Nacido en 1952 y criado en el seno de una familia de fuerte tradición católica, Oswaldo Payá tuvo una formación religiosa. Estudió en un colegio de los Hermanos Maristas hasta 1961, fecha en que este fue intervenido por el gobierno de Fidel Castro. Con solo 16 años pasó el servicio militar y durante esa etapa de su vida fue castigado por negarse a transportar un grupo de prisioneros políticos. Tal negativa le costó ser enviado por tres años a la Isla de Pinos bajo un fuerte régimen de trabajo físico. Al concluir esta etapa se integró a un grupo parroquial juvenil en su barrio del Cerro. Precisamente su destacada labor como laico lo llevó a trabajar en el proceso de Reflexión Eclesial Cubana (REC) y participó como delegado en el Encuentro Nacional Eclesial Cubano (ENEC) ocurrido en 1986. En paralelo a su actividad opositora mantuvo su trabajo para una entidad estatal como especialista en equipos electromédicos. Se había graduado como ingeniero en Telecomunicaciones.
Fundó el Movimiento Cristiano Liberación, que se convirtió en una importante organización de la sociedad civil cubana
En 1988 Payá fundó el Movimiento Cristiano Liberación que se convirtió rápidamente en uno de las organizaciones más importantes de la incipiente sociedad civil cubana. También participó en la redacción del Programa Transitorio para propiciar un cambio político en la mayor de las Antillas. Desde su condición de prominente líder rubricó el manifiesto Todos Unidos y se desempeñó como coordinador de su comisión de relatoría. En 2009 desarrolló un Llamamiento al Diálogo Nacional y en el momento de su deceso abanderaba una iniciativa para que se permitiera a los cubanos entrar y salir libremente de su propio país. Pero su consagración como opositor le llegó precisamente con la creación y divulgación del Proyecto Varela, iniciativa que comenzó a ser gestada por el MCL desde 1998.

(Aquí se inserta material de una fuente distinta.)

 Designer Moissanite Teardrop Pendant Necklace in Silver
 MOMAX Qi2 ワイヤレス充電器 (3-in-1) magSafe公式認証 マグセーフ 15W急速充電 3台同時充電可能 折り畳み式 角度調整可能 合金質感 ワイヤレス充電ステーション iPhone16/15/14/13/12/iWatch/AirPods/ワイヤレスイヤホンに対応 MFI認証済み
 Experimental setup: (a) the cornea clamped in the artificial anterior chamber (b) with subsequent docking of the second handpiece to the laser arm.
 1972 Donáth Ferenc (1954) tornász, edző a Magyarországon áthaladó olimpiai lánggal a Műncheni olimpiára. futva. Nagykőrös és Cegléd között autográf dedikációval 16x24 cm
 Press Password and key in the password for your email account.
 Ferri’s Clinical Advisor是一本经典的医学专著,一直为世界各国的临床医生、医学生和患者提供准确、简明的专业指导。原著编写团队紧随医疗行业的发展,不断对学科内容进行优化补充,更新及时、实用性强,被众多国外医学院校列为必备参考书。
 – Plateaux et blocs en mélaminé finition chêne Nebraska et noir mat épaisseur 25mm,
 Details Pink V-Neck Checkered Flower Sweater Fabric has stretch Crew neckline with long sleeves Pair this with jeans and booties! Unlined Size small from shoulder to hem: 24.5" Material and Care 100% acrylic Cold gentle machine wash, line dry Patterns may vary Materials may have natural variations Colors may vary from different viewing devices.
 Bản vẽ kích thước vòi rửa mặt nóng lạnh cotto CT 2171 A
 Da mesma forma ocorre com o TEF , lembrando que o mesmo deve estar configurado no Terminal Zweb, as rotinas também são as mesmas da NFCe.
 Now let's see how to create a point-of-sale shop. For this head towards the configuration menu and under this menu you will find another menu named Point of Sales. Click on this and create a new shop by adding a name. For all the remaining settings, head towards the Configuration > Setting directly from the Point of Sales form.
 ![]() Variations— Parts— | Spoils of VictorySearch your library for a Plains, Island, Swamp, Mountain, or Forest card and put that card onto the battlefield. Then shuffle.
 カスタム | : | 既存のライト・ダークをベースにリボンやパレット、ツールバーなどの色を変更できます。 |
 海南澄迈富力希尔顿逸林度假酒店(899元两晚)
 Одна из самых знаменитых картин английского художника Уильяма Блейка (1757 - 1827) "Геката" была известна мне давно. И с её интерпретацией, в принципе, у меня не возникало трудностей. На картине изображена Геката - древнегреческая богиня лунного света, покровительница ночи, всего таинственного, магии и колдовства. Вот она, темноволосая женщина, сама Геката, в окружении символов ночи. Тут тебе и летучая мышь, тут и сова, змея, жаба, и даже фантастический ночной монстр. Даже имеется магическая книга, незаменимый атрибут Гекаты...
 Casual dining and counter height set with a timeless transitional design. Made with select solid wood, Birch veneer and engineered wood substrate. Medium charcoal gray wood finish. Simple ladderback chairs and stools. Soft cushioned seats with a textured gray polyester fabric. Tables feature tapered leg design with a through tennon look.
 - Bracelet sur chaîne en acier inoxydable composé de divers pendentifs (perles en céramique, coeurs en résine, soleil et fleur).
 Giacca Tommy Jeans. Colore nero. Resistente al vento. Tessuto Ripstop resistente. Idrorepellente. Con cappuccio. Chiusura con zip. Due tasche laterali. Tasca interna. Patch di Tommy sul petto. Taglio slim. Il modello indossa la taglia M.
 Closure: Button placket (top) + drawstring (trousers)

Por su labor fue galardonado con el premio W. Averell Harriman que entrega anualmente el Instituto Nacional Demócrata de Washington y el galardón Homo Homini de la fundación checa People in Need. La universidad neoyorquina de Columbia lo nombró Doctor Honoris Causa en Leyes y resultó nominado en varias ocasiones al Premio Nobel de la Paz. Fue recibido en Roma por el Papa Juan Pablo II durante el mismo viaje que lo llevó al Parlamento Europeo para la ceremonia de entrega del Premio Sajarov.
Al morir deja a tres hijos, Oswaldo José, Rosa María y Reinaldo Isaías, también a su viuda, Ofelia Acevedo. Con el fallecimiento de Oswaldo Payá, la oposición cubana pierde a una de sus figuras más descollantes tanto en la arena nacional como internacional. Desaparece físicamente un político de suma importancia para la transición política en la isla, un laico prominente para la Iglesia católica y un hombre puente entre el exilio y la nación.
El cuerpo de Oswaldo Payá será trasladado a La Habana y será velado en una parroquia del Cerro, el barrio donde vivía.